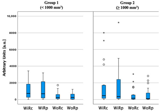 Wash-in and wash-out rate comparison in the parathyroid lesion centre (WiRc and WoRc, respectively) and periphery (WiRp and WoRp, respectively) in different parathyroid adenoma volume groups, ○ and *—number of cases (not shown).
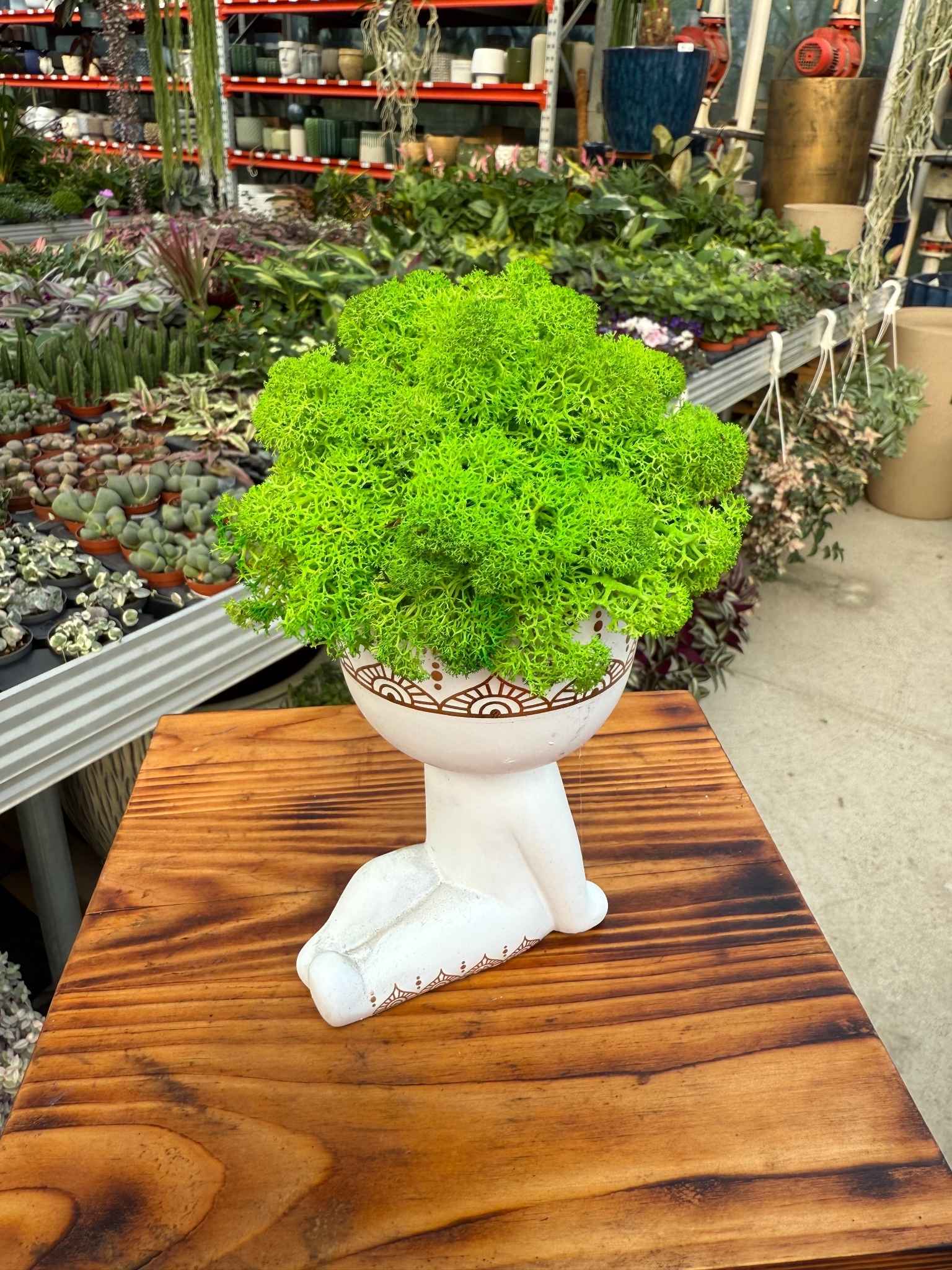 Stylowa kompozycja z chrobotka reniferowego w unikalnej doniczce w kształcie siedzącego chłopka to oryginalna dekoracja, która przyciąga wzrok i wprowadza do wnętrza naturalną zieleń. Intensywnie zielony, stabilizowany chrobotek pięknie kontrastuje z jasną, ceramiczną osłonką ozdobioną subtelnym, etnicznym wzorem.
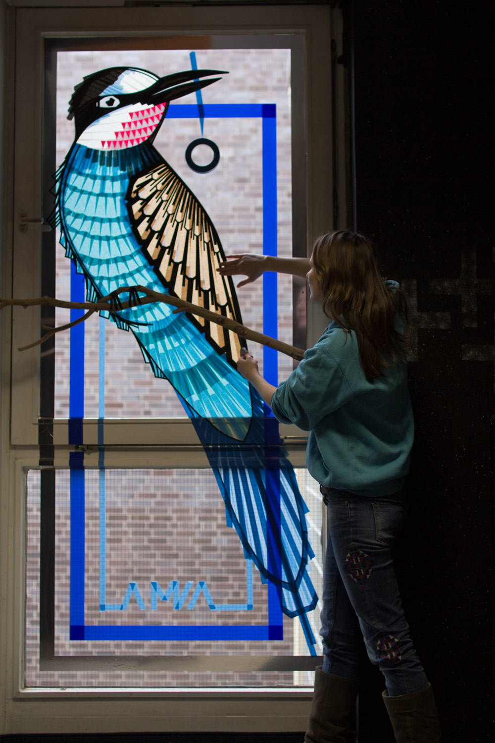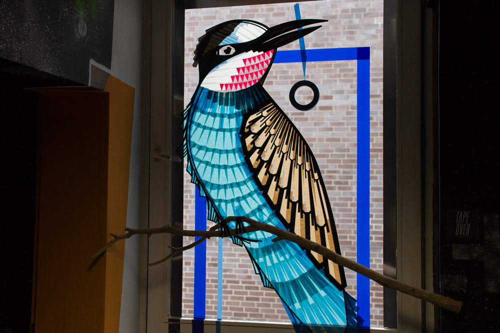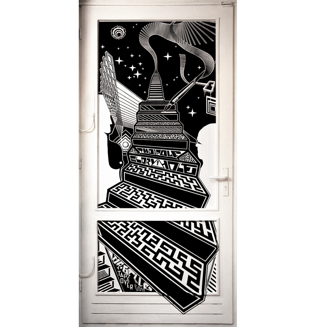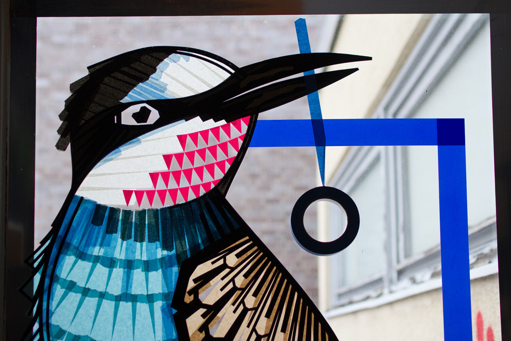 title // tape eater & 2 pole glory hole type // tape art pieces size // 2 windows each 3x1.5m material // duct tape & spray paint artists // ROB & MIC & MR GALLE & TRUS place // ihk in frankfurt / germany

Goal of the exercise = Everything from the line containing "Stylowa kompozycja z" through the last line of the listing above must be output exactly, except the pictures.

Task solution =
 Stylowa kompozycja z chrobotka reniferowego w unikalnej doniczce w kształcie siedzącego chłopka to oryginalna dekoracja, która przyciąga wzrok i wprowadza do wnętrza naturalną zieleń. Intensywnie zielony, stabilizowany chrobotek pięknie kontrastuje z jasną, ceramiczną osłonką ozdobioną subtelnym, etnicznym wzorem.
 title // tape eater & 2 pole glory hole type // tape art pieces size // 2 windows each 3x1.5m material // duct tape & spray paint artists // ROB & MIC & MR GALLE & TRUS place // ihk in frankfurt / germany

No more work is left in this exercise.